Skip the pictures, please, and write out exactly every line from the one containing "Stainless Steel Polished" through the end of the listing below.

_____

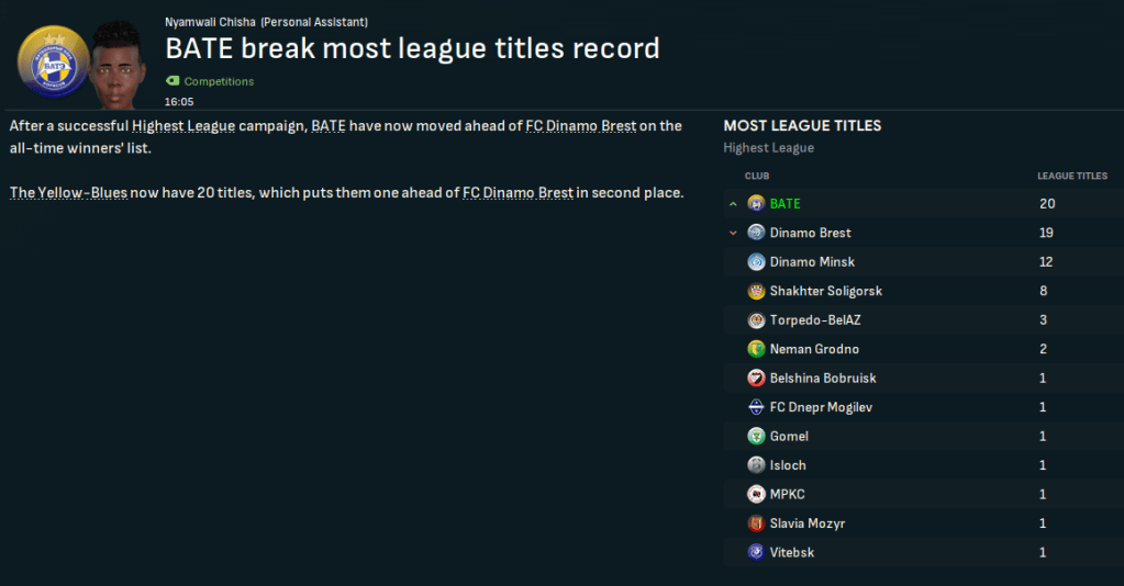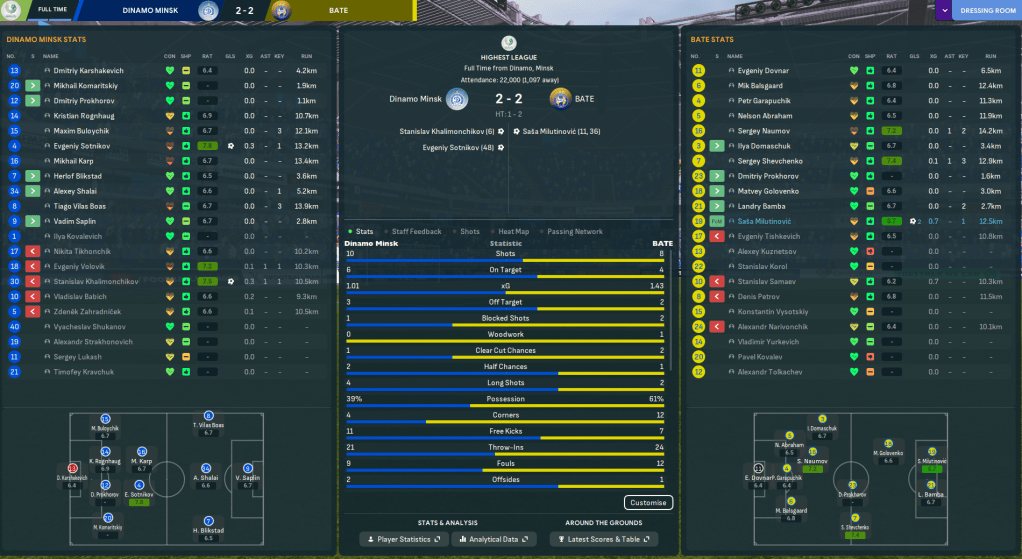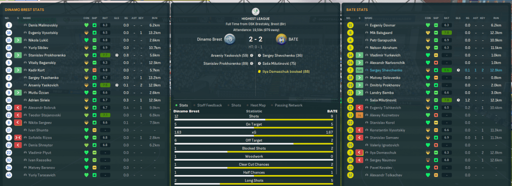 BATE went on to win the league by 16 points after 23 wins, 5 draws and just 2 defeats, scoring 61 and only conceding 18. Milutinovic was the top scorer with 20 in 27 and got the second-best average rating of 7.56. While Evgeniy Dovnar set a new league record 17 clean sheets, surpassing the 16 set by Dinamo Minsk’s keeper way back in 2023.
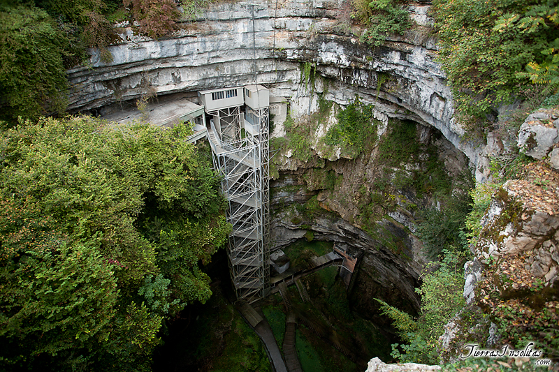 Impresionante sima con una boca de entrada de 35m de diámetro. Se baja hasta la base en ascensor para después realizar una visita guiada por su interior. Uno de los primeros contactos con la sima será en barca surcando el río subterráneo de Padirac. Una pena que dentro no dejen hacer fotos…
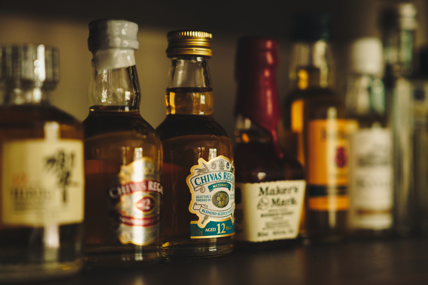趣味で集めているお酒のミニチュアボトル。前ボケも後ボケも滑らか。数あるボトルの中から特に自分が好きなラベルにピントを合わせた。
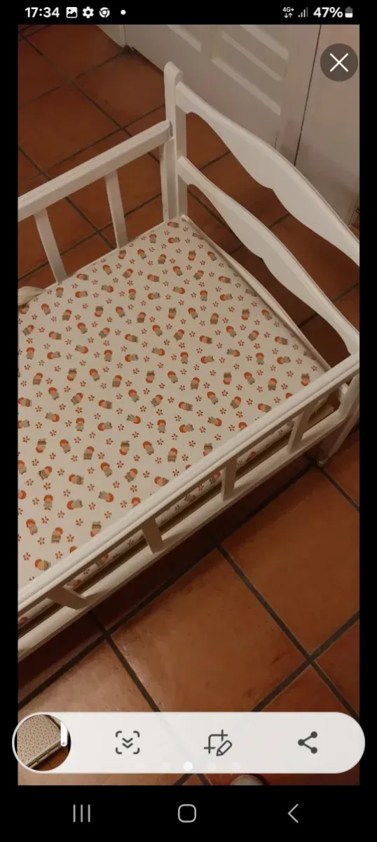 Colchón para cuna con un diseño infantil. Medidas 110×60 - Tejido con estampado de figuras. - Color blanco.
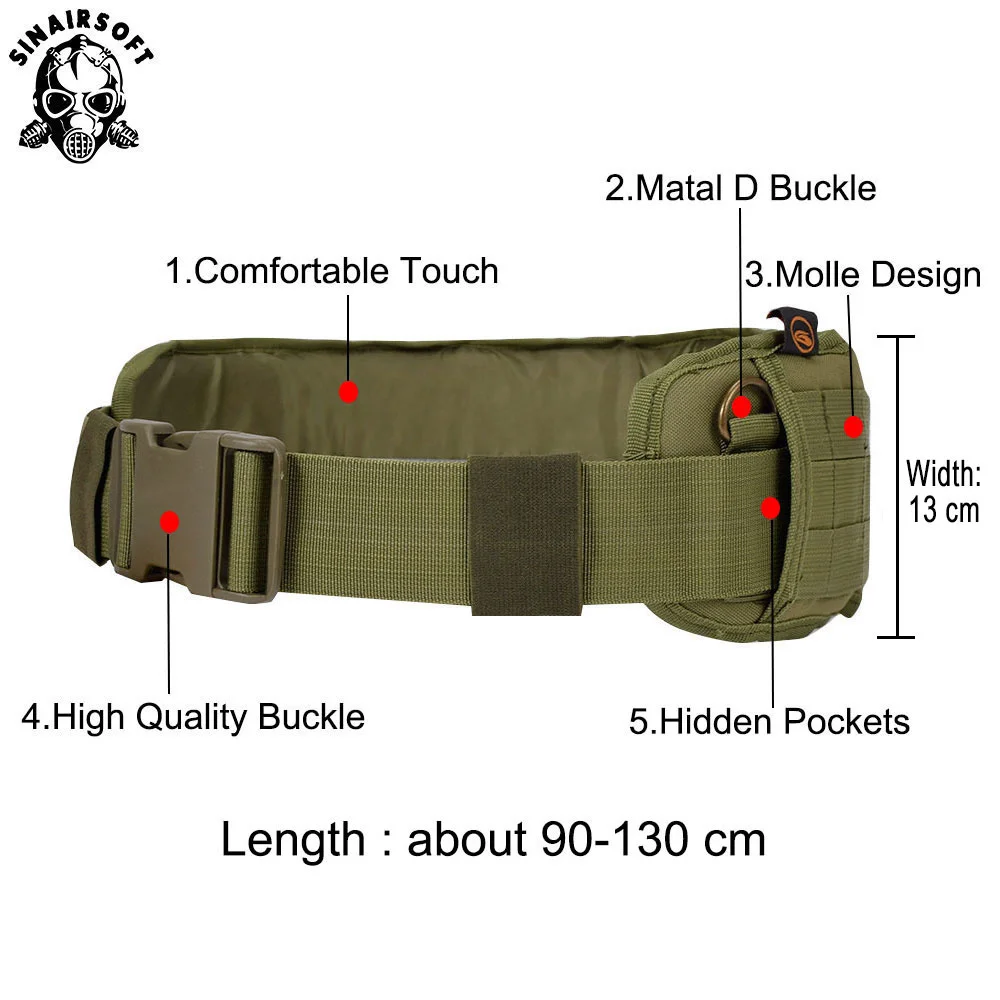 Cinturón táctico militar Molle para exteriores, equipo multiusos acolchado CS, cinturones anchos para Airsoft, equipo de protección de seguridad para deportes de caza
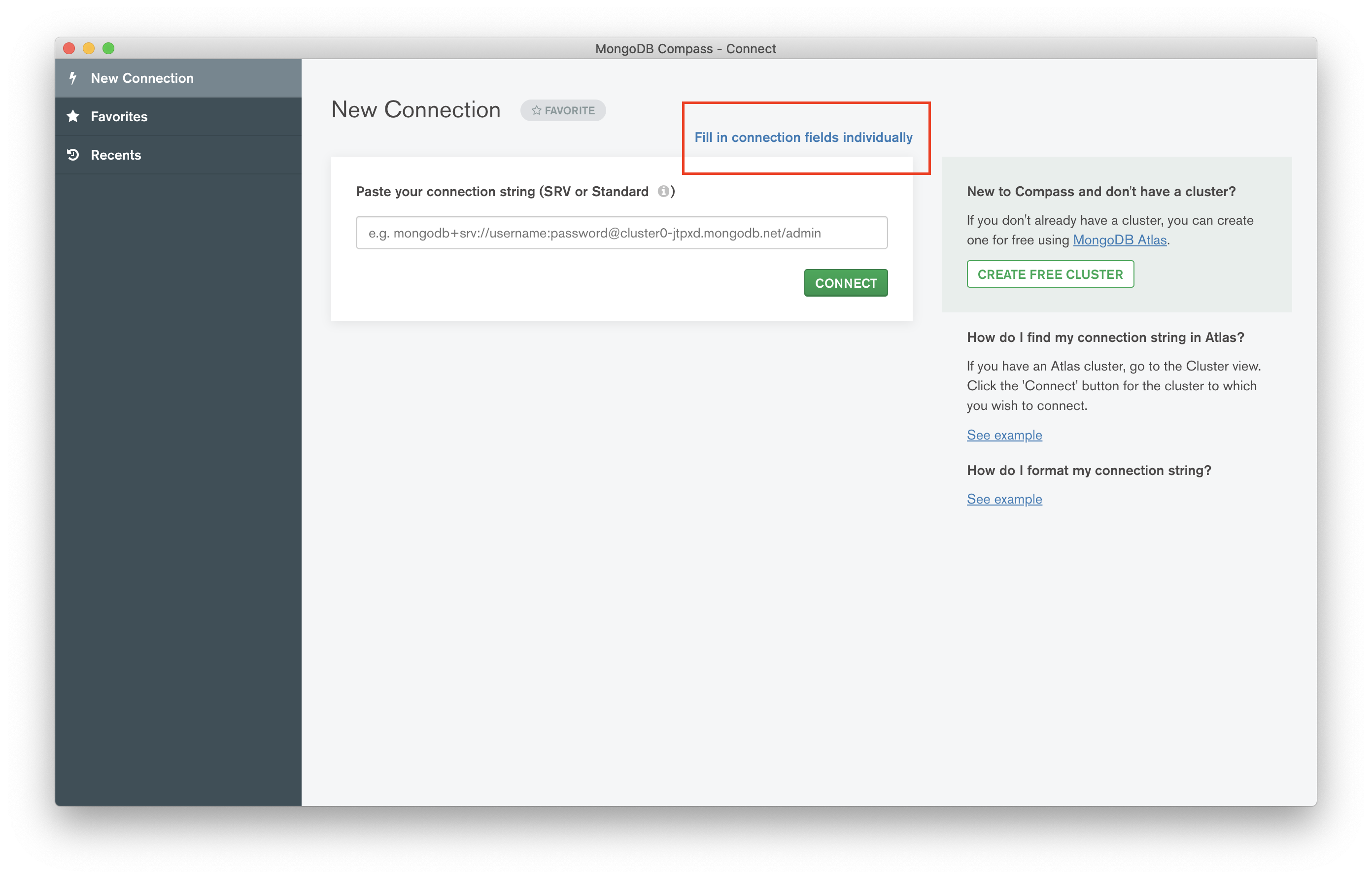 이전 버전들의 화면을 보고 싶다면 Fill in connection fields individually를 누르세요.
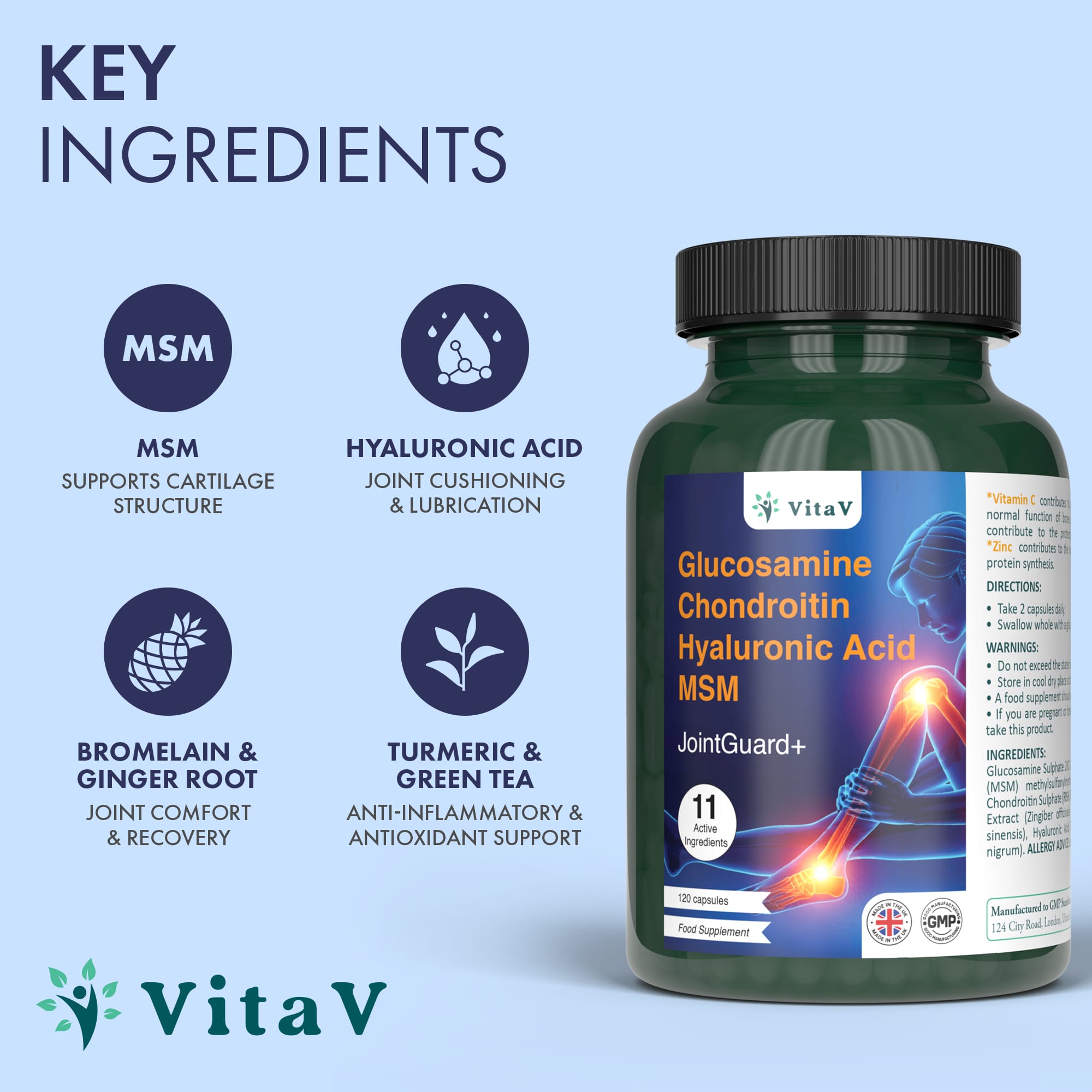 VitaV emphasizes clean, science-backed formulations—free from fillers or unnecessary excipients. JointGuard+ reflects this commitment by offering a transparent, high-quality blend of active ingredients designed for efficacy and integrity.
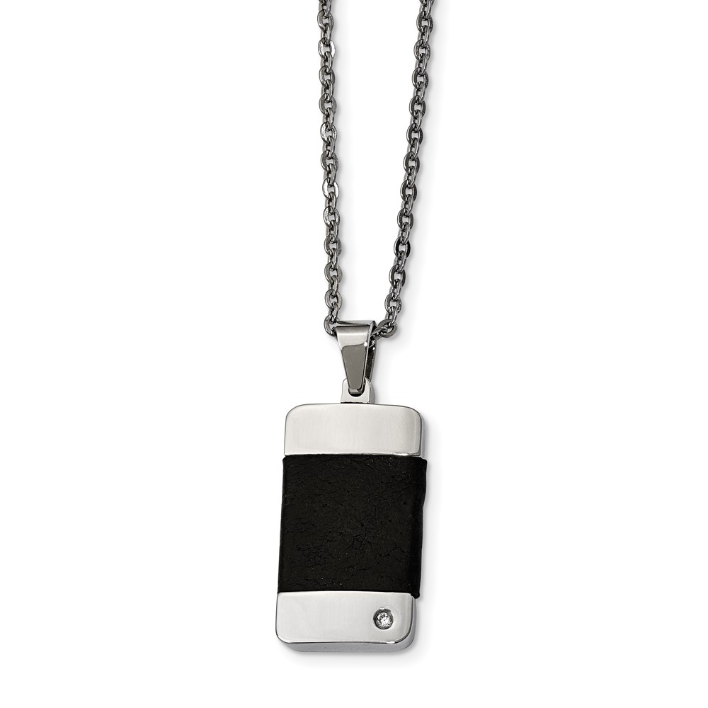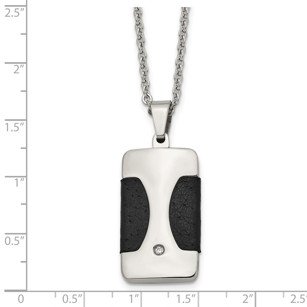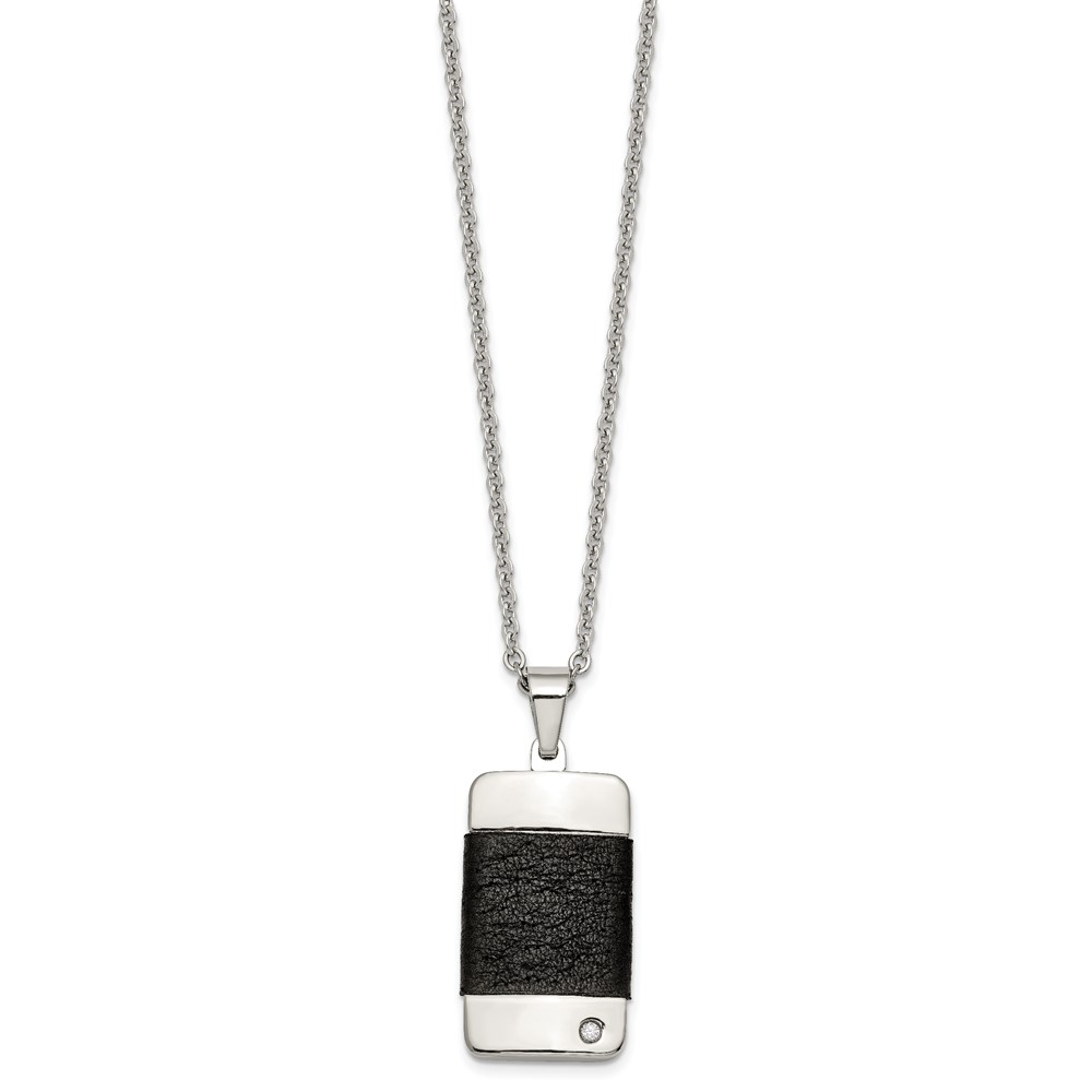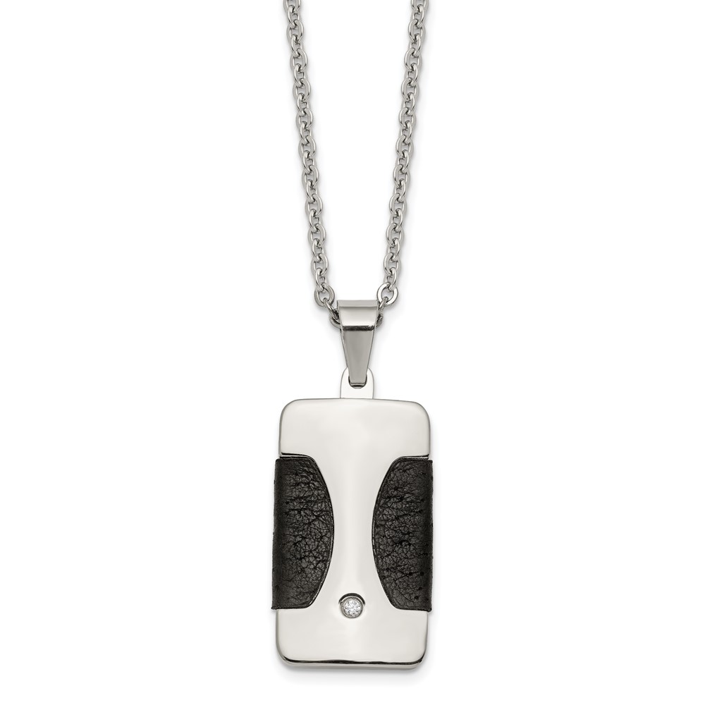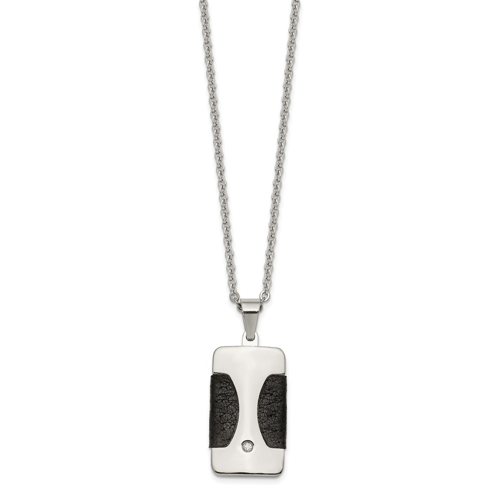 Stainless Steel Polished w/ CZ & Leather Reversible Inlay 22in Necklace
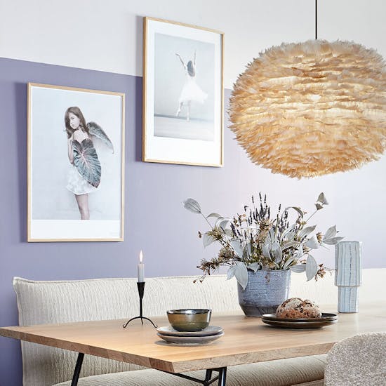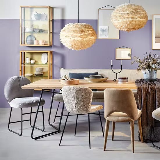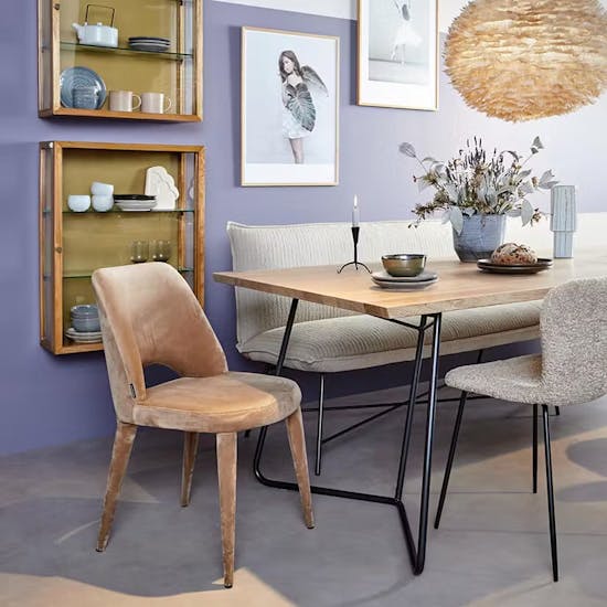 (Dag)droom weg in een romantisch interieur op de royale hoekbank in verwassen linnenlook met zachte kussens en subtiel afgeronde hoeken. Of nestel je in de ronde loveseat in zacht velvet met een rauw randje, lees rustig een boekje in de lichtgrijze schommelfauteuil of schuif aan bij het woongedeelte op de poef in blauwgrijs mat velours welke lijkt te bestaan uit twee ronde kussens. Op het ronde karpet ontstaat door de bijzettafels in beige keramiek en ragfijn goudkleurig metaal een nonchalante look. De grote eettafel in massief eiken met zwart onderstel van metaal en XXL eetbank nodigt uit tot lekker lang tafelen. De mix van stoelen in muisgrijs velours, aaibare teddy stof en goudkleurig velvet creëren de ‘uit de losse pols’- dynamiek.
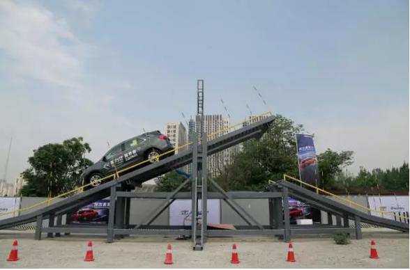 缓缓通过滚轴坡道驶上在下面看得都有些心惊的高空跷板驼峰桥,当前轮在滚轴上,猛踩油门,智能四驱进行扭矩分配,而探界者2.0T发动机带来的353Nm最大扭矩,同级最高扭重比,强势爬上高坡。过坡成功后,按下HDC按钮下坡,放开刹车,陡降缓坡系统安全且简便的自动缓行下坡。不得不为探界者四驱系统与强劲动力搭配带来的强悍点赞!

_____

• Response
 Stainless Steel Polished w/ CZ & Leather Reversible Inlay 22in Necklace
 (Dag)droom weg in een romantisch interieur op de royale hoekbank in verwassen linnenlook met zachte kussens en subtiel afgeronde hoeken. Of nestel je in de ronde loveseat in zacht velvet met een rauw randje, lees rustig een boekje in de lichtgrijze schommelfauteuil of schuif aan bij het woongedeelte op de poef in blauwgrijs mat velours welke lijkt te bestaan uit twee ronde kussens. Op het ronde karpet ontstaat door de bijzettafels in beige keramiek en ragfijn goudkleurig metaal een nonchalante look. De grote eettafel in massief eiken met zwart onderstel van metaal en XXL eetbank nodigt uit tot lekker lang tafelen. De mix van stoelen in muisgrijs velours, aaibare teddy stof en goudkleurig velvet creëren de ‘uit de losse pols’- dynamiek.
 缓缓通过滚轴坡道驶上在下面看得都有些心惊的高空跷板驼峰桥,当前轮在滚轴上,猛踩油门,智能四驱进行扭矩分配,而探界者2.0T发动机带来的353Nm最大扭矩,同级最高扭重比,强势爬上高坡。过坡成功后,按下HDC按钮下坡,放开刹车,陡降缓坡系统安全且简便的自动缓行下坡。不得不为探界者四驱系统与强劲动力搭配带来的强悍点赞!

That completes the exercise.